BRIEF:
Write out again, word for word, the lines below from the line that holds "x 1개입 x 3개 |" through the line that holds "Theo Tổng cục", omitting pictures.

*** SOURCE INFORMATION ***

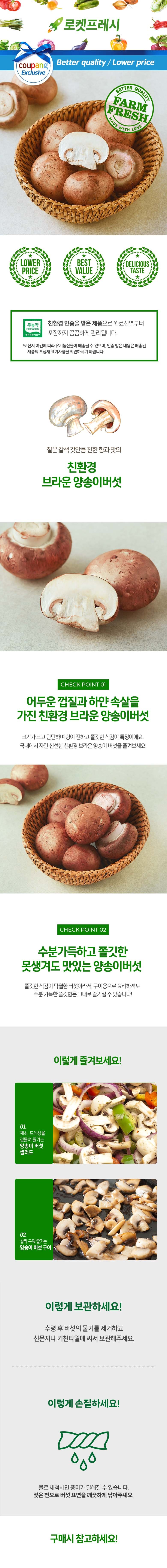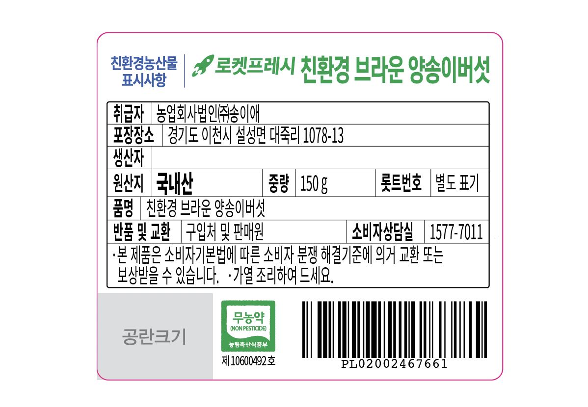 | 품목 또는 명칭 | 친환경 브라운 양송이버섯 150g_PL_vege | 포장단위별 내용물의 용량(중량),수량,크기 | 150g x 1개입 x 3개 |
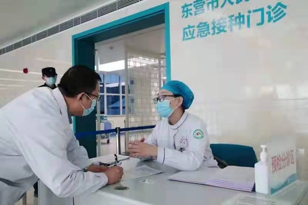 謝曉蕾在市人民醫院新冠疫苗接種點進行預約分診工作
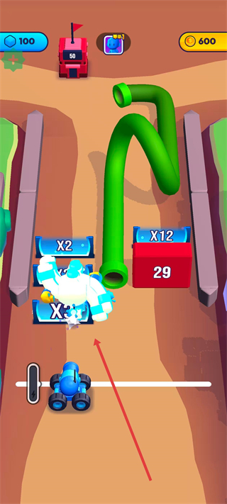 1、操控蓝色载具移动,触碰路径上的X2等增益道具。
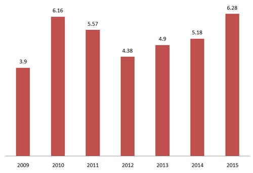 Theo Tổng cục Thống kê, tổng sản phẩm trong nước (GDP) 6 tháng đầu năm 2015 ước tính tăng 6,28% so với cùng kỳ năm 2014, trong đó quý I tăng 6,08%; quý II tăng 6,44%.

***
*** SOURCE INFORMATION ***

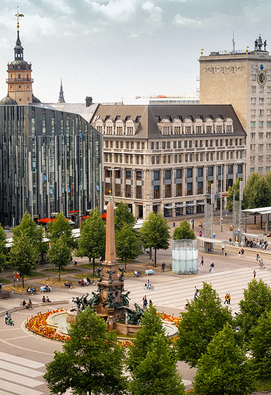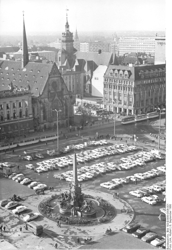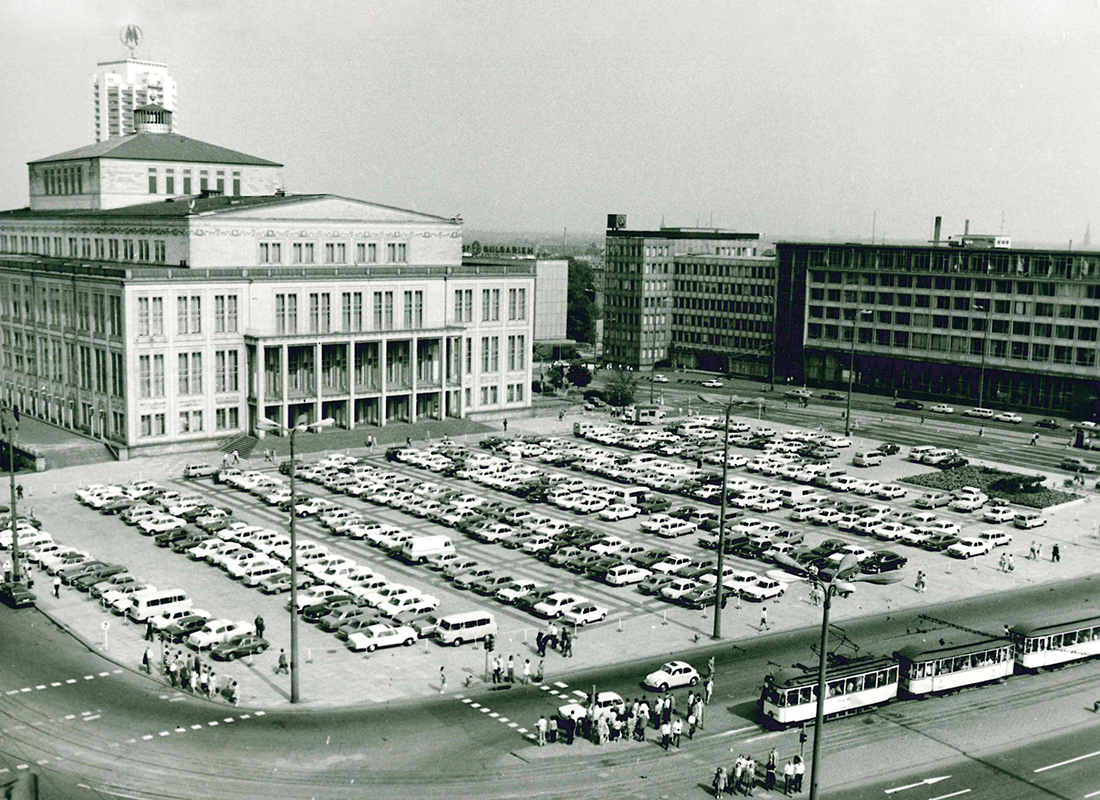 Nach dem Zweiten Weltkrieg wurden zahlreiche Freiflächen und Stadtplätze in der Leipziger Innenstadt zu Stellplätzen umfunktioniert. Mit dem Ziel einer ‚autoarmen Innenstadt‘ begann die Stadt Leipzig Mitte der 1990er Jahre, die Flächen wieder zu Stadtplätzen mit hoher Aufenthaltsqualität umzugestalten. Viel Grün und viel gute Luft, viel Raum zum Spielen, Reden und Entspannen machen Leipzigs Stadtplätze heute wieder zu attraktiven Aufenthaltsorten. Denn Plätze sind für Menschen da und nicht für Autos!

***
*** SOURCE INFORMATION ***

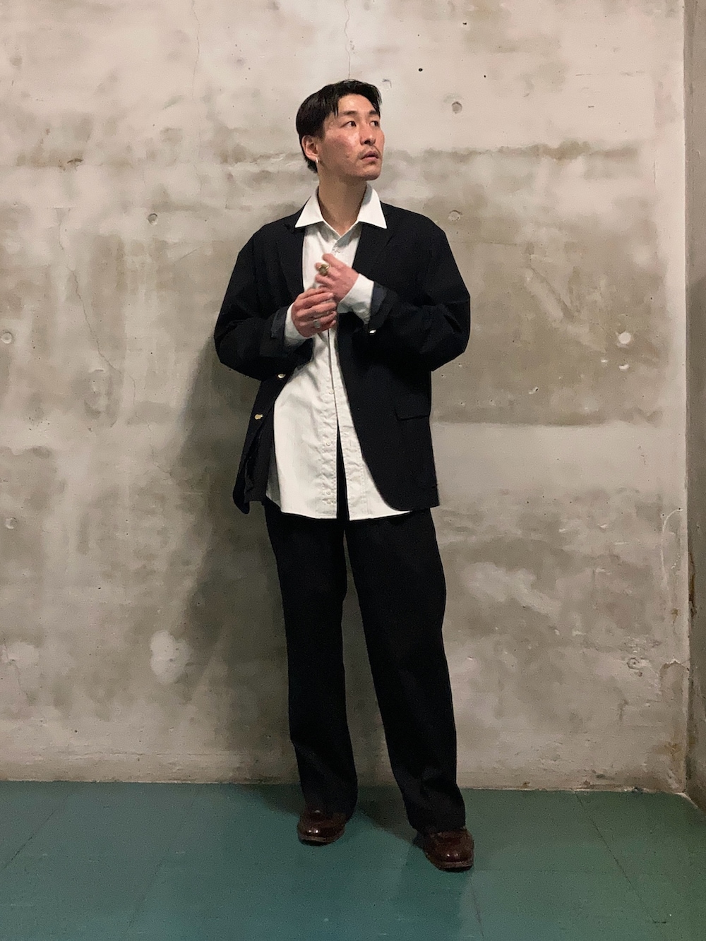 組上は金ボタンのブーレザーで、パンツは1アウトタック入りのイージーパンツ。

***

ANSWER SPACE:
 | 품목 또는 명칭 | 친환경 브라운 양송이버섯 150g_PL_vege | 포장단위별 내용물의 용량(중량),수량,크기 | 150g x 1개입 x 3개 |
 謝曉蕾在市人民醫院新冠疫苗接種點進行預約分診工作
 1、操控蓝色载具移动,触碰路径上的X2等增益道具。
 Theo Tổng cục Thống kê, tổng sản phẩm trong nước (GDP) 6 tháng đầu năm 2015 ước tính tăng 6,28% so với cùng kỳ năm 2014, trong đó quý I tăng 6,08%; quý II tăng 6,44%.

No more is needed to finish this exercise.